**Supplied information**
=== Section Start ===

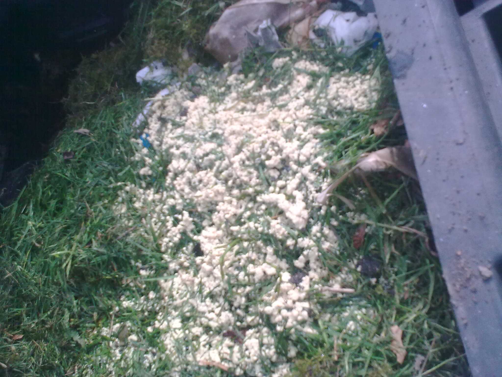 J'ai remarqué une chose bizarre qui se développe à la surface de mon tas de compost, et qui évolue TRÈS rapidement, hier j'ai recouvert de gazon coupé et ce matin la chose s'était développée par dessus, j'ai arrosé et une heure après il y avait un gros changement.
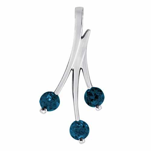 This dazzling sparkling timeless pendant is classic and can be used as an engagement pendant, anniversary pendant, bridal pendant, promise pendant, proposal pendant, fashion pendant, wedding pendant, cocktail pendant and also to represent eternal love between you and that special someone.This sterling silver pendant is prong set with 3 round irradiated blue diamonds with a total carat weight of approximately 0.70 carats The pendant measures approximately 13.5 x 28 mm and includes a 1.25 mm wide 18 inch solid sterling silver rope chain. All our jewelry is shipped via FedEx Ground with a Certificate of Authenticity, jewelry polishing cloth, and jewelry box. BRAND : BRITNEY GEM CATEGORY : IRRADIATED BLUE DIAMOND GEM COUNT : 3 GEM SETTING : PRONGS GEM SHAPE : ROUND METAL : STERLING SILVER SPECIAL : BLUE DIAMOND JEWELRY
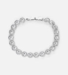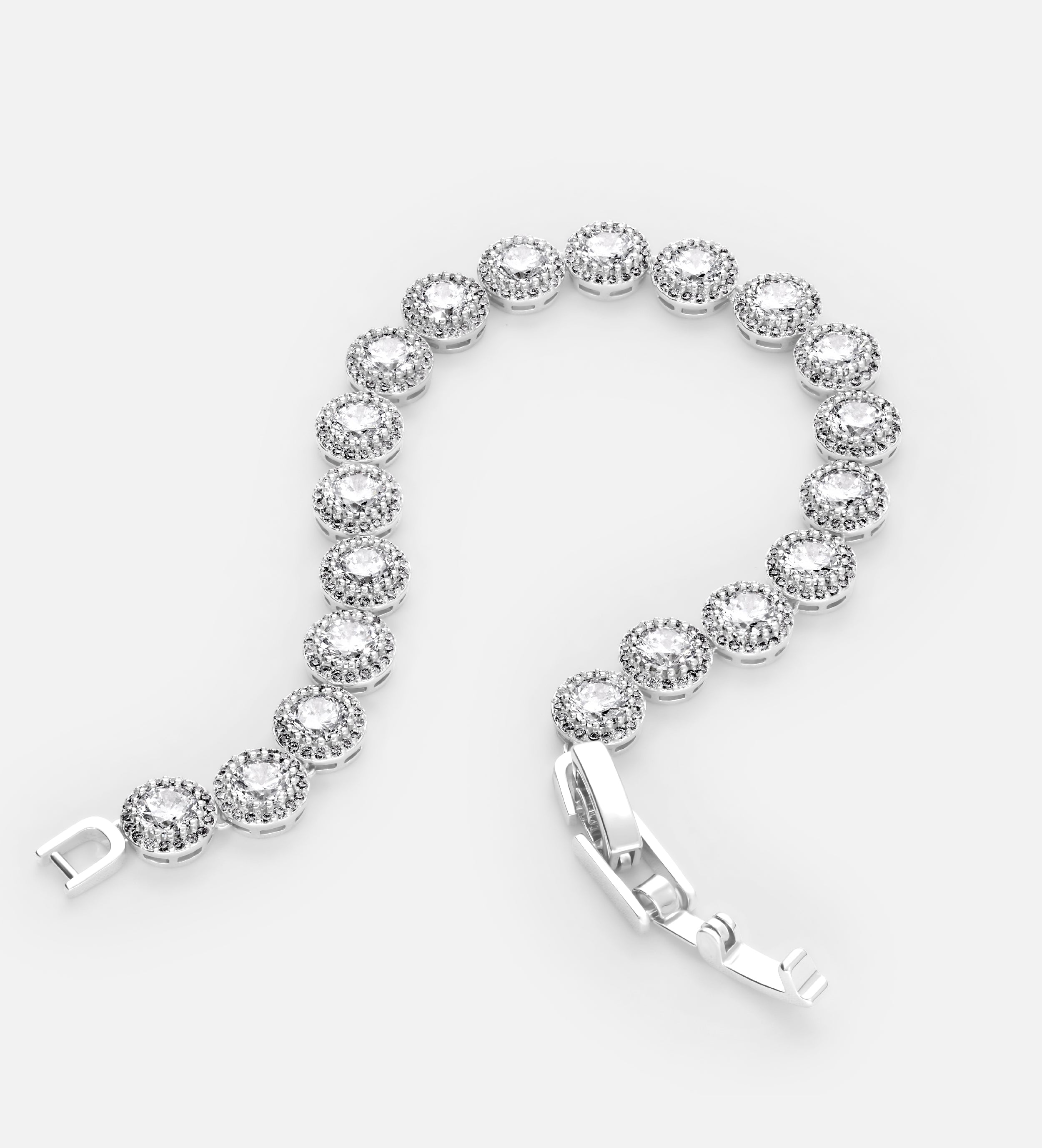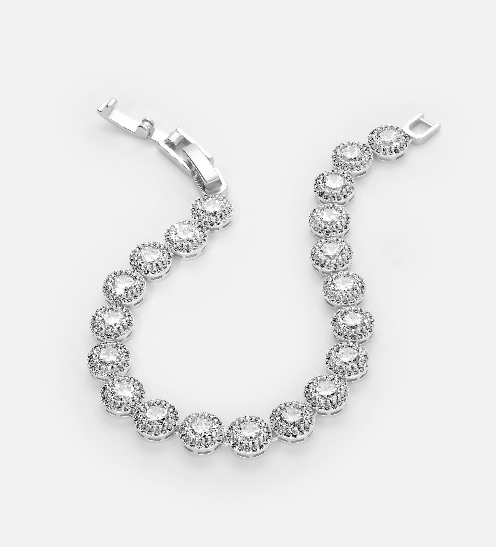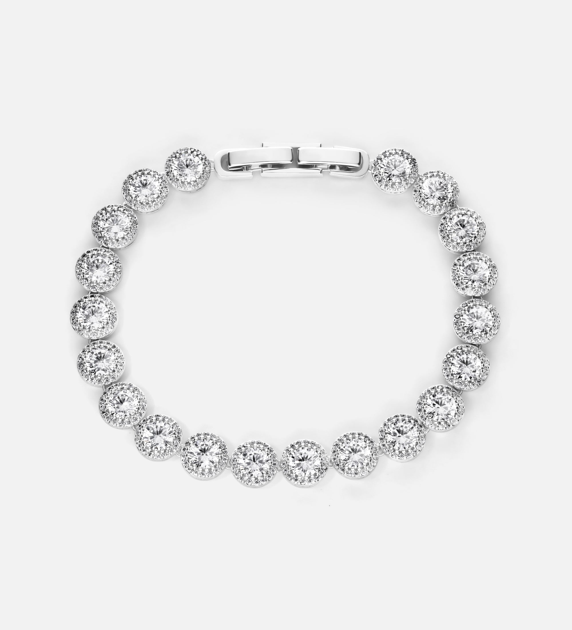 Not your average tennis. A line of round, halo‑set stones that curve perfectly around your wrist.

=== Section End ===

Both the line containing "This dazzling sparkling" and the last line of the listing above belong in the copy, along with every line between them; retype them exactly and omit the pictures.

**Answer to this task**
 This dazzling sparkling timeless pendant is classic and can be used as an engagement pendant, anniversary pendant, bridal pendant, promise pendant, proposal pendant, fashion pendant, wedding pendant, cocktail pendant and also to represent eternal love between you and that special someone.This sterling silver pendant is prong set with 3 round irradiated blue diamonds with a total carat weight of approximately 0.70 carats The pendant measures approximately 13.5 x 28 mm and includes a 1.25 mm wide 18 inch solid sterling silver rope chain. All our jewelry is shipped via FedEx Ground with a Certificate of Authenticity, jewelry polishing cloth, and jewelry box. BRAND : BRITNEY GEM CATEGORY : IRRADIATED BLUE DIAMOND GEM COUNT : 3 GEM SETTING : PRONGS GEM SHAPE : ROUND METAL : STERLING SILVER SPECIAL : BLUE DIAMOND JEWELRY
 Not your average tennis. A line of round, halo‑set stones that curve perfectly around your wrist.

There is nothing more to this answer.